INTRODUCTION AND SUMMARY

The Clinton Administration's welfare reform proposal, the Work and Responsibility Act of 1994, was introduced on June 21,1994, as H.R. 4605 in the House and S. 2224 in the Senate. It was one of more than two dozen proposals introduced in the 103rd Congress to change the Aid to Families with Dependent Children (AFDC) program and its related training and work programs. Several committees held hearings on the bill during the summer of 1994, but the Congress adjourned before taking action on it.
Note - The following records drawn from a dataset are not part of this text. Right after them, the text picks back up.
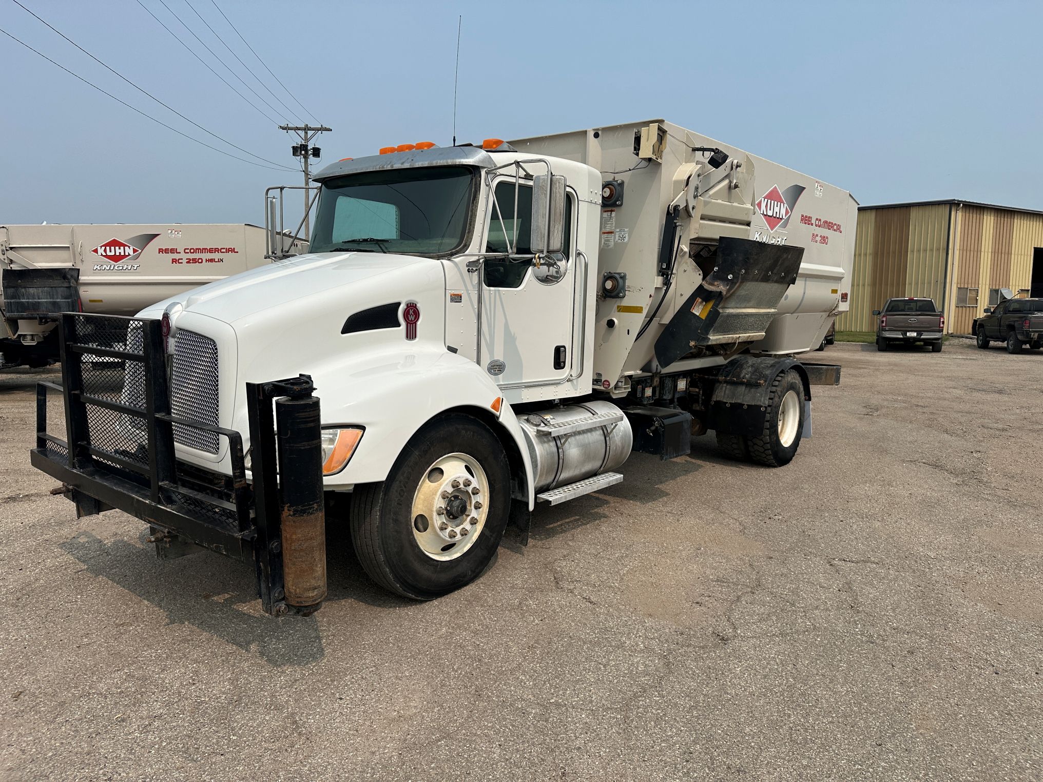 2011 White Kenworth T370 w/Kuhn Knight RC250, Paccar PX9 Engine, 300 HP, Allison 3000 Transmission, Diesel, 1-50 gal. Fuel Tank, Spring Suspension, Pilot Wheels w/11R22.5 Tires, 33,000 GVWR, Single Axle w/10,000 Front & 12,000 Rear, 124CA, Power Steering, Red Dot A/C, Air Seat, Straight Bar, Engine Hours: 11,501, Mileage: 57,428.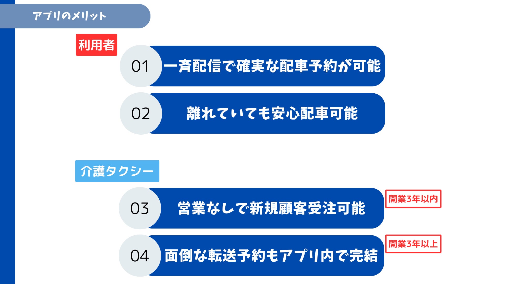 介護タクシー事業者と利用者をアプリ上で直接マッチング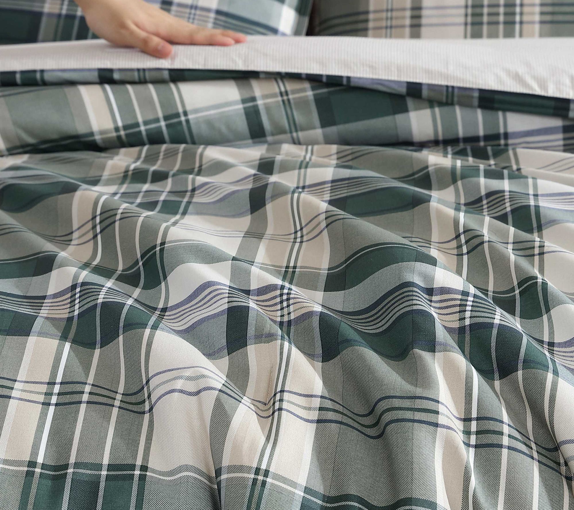 • Bold plaid pattern in forest green, pale khaki, and white with a shirting stripe reverse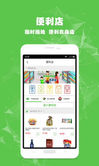 便利店:将"互联网+"便利店搬到您家门口,24小时营业不打烊,随时随地轻松下单,专业配送团队确保商品快速送达,让您足不出户享受购物乐趣。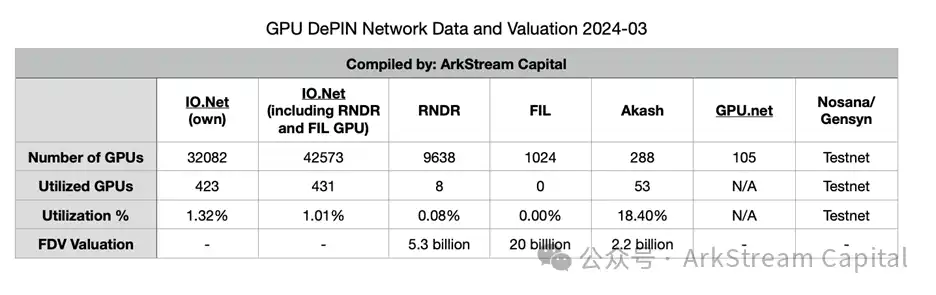 图片来源:ArkStream Research; 数据来源:io.net, depinhub.io, stats.akash.network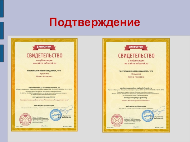 Дата последней аттестации: 22.05.2013 года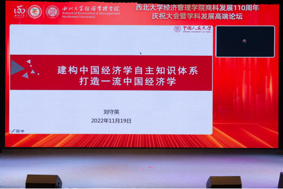 庆祝大会后,由776net必赢官网马莉莉院长主持学科发展高端论坛主论坛,中国人民大学经济学院院长刘守英教授和西安交通大学管理学院党委书记马晓彬围绕“一流引领、拔尖创新”的主题,分别做了《构建中国经济学自主知识体系 打造一流中国经济学》《西安交通大学管理学科建设情况交流》的主旨报告。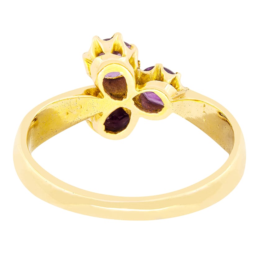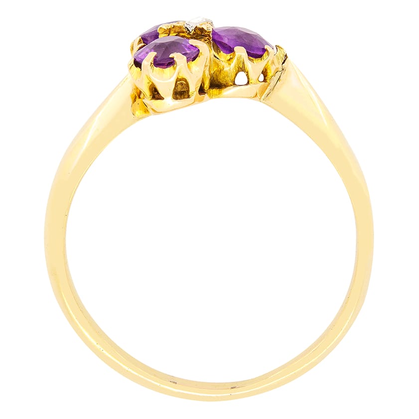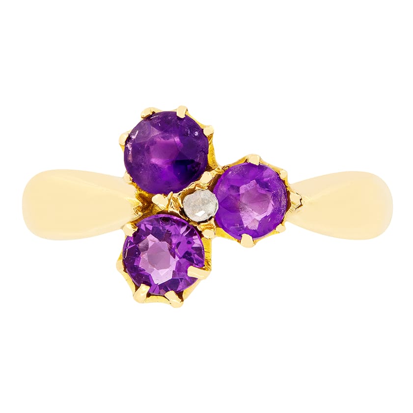 Arranged in a clover pattern a trio of Amethysts take centre stage around a single small diamond in this Victorian ring. Each old cut amethyst weighs 0.20 carat with the rose cut diamond forming the centre of the clover flower. Each stone has been delicately claw set into 18 carat yellow gold to create this delightful hand crafted piece.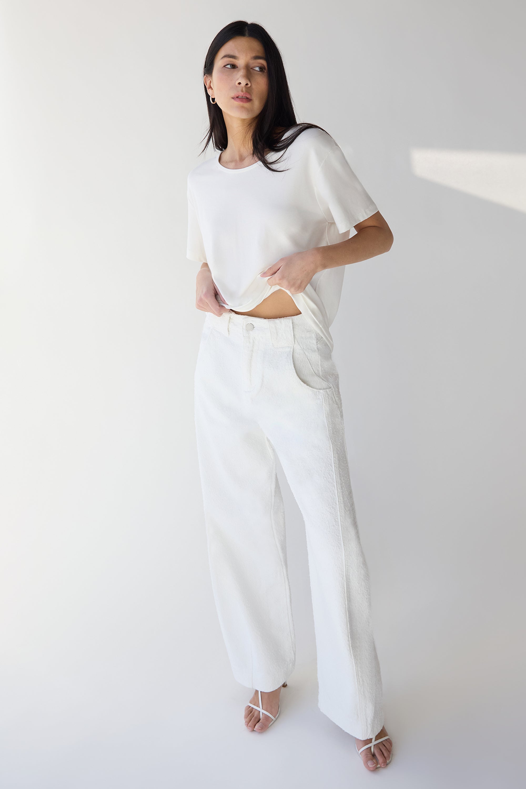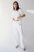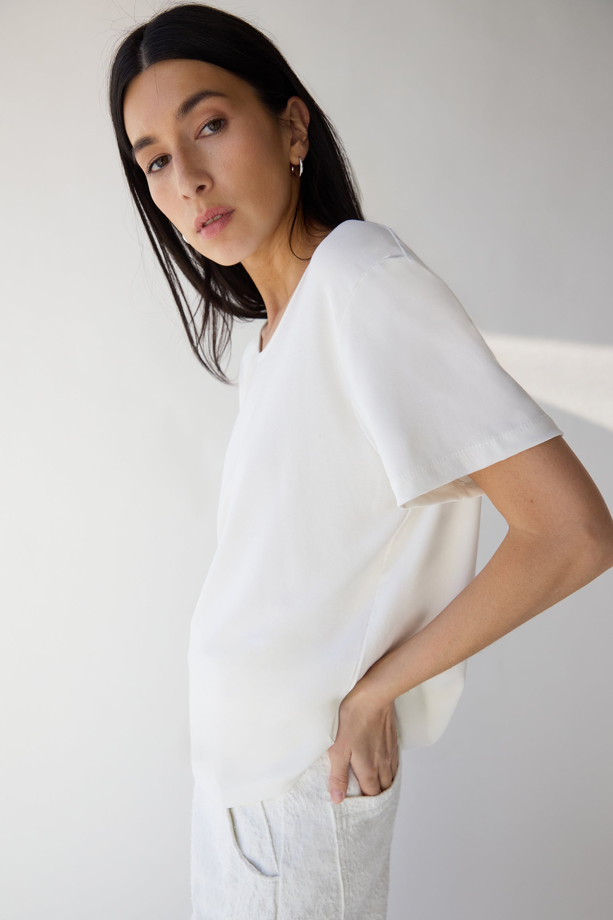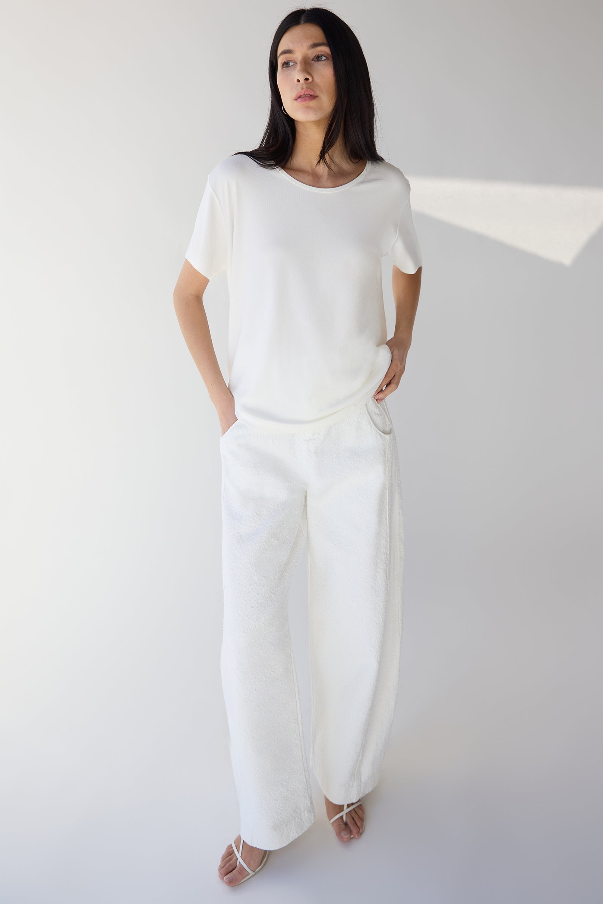 This short sleeve t-shirt has a round neck and is ultra soft to the touch. Layer this t-shirt under your favorite lounge set.

Discussion of welfare reform was prominent during the fall political campaigns, and the issue is likely to be a priority of the 104th Congress.
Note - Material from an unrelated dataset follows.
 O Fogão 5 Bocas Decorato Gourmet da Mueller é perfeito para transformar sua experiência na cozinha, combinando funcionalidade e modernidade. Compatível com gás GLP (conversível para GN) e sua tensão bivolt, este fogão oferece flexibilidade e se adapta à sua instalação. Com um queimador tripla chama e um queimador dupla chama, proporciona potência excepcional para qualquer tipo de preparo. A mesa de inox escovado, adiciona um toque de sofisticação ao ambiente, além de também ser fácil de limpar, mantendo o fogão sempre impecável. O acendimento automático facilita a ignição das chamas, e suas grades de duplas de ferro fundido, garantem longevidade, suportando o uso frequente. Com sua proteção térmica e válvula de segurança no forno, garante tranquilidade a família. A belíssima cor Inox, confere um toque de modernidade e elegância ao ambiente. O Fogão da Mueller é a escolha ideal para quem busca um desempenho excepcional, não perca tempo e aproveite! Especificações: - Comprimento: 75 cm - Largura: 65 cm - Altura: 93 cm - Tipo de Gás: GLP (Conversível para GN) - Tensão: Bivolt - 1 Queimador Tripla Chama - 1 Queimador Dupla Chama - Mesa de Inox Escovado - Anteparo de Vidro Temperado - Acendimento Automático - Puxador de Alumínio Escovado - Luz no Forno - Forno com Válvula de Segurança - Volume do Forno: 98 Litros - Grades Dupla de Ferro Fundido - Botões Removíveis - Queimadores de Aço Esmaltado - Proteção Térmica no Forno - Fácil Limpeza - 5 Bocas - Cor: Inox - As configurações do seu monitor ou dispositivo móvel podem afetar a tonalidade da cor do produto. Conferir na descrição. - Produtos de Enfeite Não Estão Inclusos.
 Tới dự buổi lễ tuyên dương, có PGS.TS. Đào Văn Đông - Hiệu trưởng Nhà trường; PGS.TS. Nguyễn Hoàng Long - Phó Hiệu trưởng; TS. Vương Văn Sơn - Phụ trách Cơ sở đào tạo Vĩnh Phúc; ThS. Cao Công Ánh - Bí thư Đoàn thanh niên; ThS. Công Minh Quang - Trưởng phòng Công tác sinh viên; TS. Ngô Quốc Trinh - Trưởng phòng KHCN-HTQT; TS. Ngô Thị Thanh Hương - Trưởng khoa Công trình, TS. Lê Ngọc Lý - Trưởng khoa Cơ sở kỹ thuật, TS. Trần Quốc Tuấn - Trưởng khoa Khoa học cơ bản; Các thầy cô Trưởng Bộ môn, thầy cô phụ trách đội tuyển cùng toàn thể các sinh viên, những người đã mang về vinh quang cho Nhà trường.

This memorandum presents the Congressional Budget Office's (CBO's) preliminary analysis of the Administration's proposal and the issues surrounding welfare reform. The methodology underlying this estimate will serve as the groundwork for future analyses of other proposals for welfare reform. It incorporates economic and technical assumptions from CBO's February 1994 baseline, so the estimates will change when the baseline is updated in early 1995 to incorporate new information about the economy and the AFDC population.

Provisions in titles I through VIII of the Work and Responsibility Act would expand training and work programs for recipients of Aid to Families with Dependent Children, impose a two-year limit on AFDC benefits for certain young mothers, liberalize the treatment of earnings and resources in calculating benefits for AFDC families, increase child support enforcement efforts, and extend child care subsidies to families whose incomes are near the poverty level Title IX is designed to finance the spending in the first eight titles through a number of spending cuts and revenue measures, including capping expenditures in the AFDC-Emergency Assistance program and reducing welfare payments to legal aliens.

CBO estimates that if the first eight titles of the bill had been enacted by October 1, 1994, they would have increased mandatory federal outlays by $0.2 billion in fiscal year 1995 and $11.8 billion through 1999. The combination of spending cuts and revenue increases in title IX would have amounted to $0.2 billion in 1995 and $6.9 billion over the five-year period. Overall, CBO estimates that the enactment of H.R. 4605 would have generated a net federal cost of $4.8 billion during the 1995-1999 period (see Appendix Table 1). The bill would also authorize an additional $0.1 billion in spending between 1995 and 1999, subject to annual appropriations. CBO estimates that titles I to VIII of H.R. 4605 would have increased state and local government spending by $2.6 billion over the 1995-1999 period (see Appendix Table 2).

Much uncertainty surrounds these estimated fiscal effects. H.R. 4605 gives states considerable flexibility in determining when and how to carry out mandated provisions and leaves the adoption of other key provisions entirely up to the states. CBO assumed that all states would spend sufficient resources to meet the bill's required participation rates for training and work programs. For other provisions, CBO projected states' behavior by examining their interest in pilot programs operated under federal waivers and discussing the provisions with numerous state and local officials. For some provisions, CBO may need to revise its assumptions about state behavior because of changes in the political leadership of many states after the 1994 elections.

Unless specified otherwise in the legislation, CBO assumed that the states would carry out major reforms, including the time limit on benefits, beginning on October 1, 1995. Although some states would not be ready to initiate these programs within one year, other states, which have experimented with similar reforms through federal waivers, could accelerate their application. CBO assumed that the effect would be as if all states carried out the programs on October 1,1995. Given the delay, CBO's estimates represent the costs and savings over the initial four years of the reform.

CBO's estimate of $11.8 billion for the welfare reform proposals in titles I to VIII is higher than the $9.3 billion estimate released by the Department of Health and Human Services (HHS) in June 1994. CBO's estimates of child care and child support enforcement costs, welfare savings, and some other expenses differ from those of HHS.